The Labour MP for York Central, Rachael Maskell, said that changes to the policy were needed if Labour were to show that it really cared about the poorest and most vulnerable.
She said: “With winter on its way, when parliament returns, MPs will need a package of support to reassure our constituents that Labour will help them through this winter with their energy costs.
“Many will struggle if the Social Fund Winter Fuel Payment Regulations 2024 pass in September without changes being made or being withdrawn altogether.
“While longer-term reforms are needed, and work on reducing energy bills has started through Ed Miliband’s energy sprint to renewables and retrofit programmes, the challenge facing older people right now are the winter months ahead.”
Another Labour MP said the worry was that “old people will get ill and will die”, adding: “Old people won’t put on the heating – they don’t like getting into debt. It is not what they do. We have to move on this.”

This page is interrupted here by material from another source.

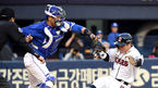 [OSEN=잠실, 최규한 기자] 14일 서울 잠실야구장에서 ’2019 신한은행 MY CAR KBO리그' 두산 베어스와 삼성 라이온즈의 경기가 열렸다.2회말 1사 1, 3루 상황 두산 정진호의 좌익수 플라이 때 홈으로 태그업한 박세혁이 삼성 포수 강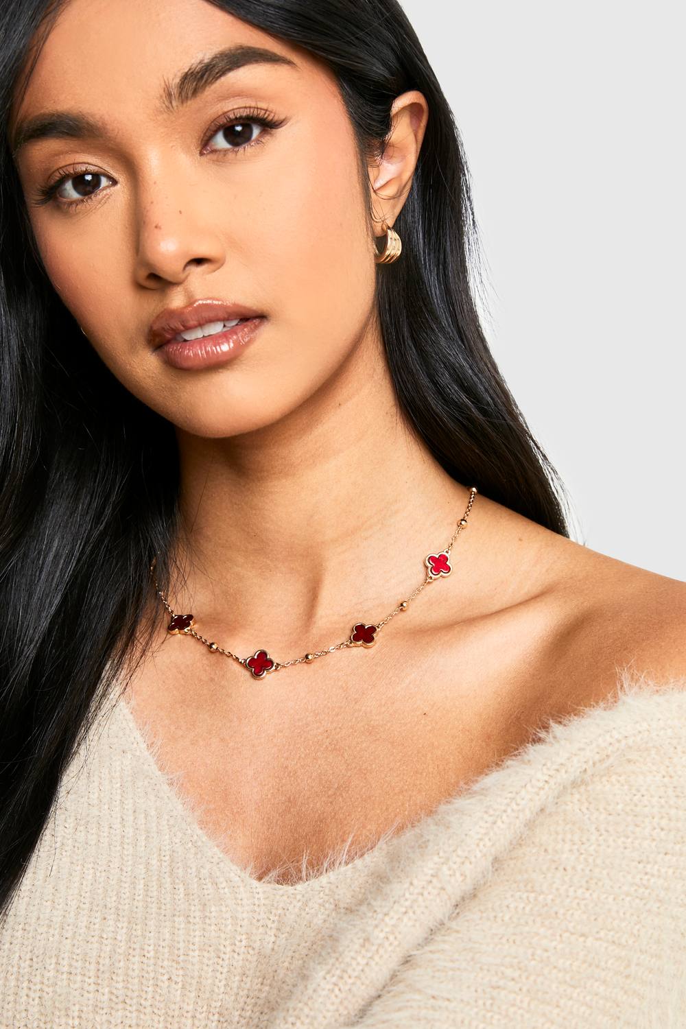 Womens Cherry Red Scattered Clover Necklace - One Size, Red

The prime minister will argue that sacrifices now are the only way to get long-term benefits for the whole of society: “I won’t shy away from making unpopular decisions now if it’s the right thing for the country in the long term. That’s what a government of service means.
“This shouldn’t be a country where people have to fear walking down the street, or watch cars and buildings being set on fire. This shouldn’t be a country where the prime minister can’t guarantee prison spaces. But it also shouldn’t be a country where people are paying thousands more on their mortgage or waiting months for hospital appointments they desperately need.
So, when I talk about the inheritance the last government left us – the £22bn black hole in our finances – this isn’t about lines on a graph, this is about people’s lives.
“And the Tories are still not being honest about it. They haven’t recognised what they’ve cost the country and they haven’t apologised for what they’ve cost you.
“But I promise this: you will be at the heart of our government, in the forefront of our minds and at the centre of everything we do. That this government is for you, back in your service.”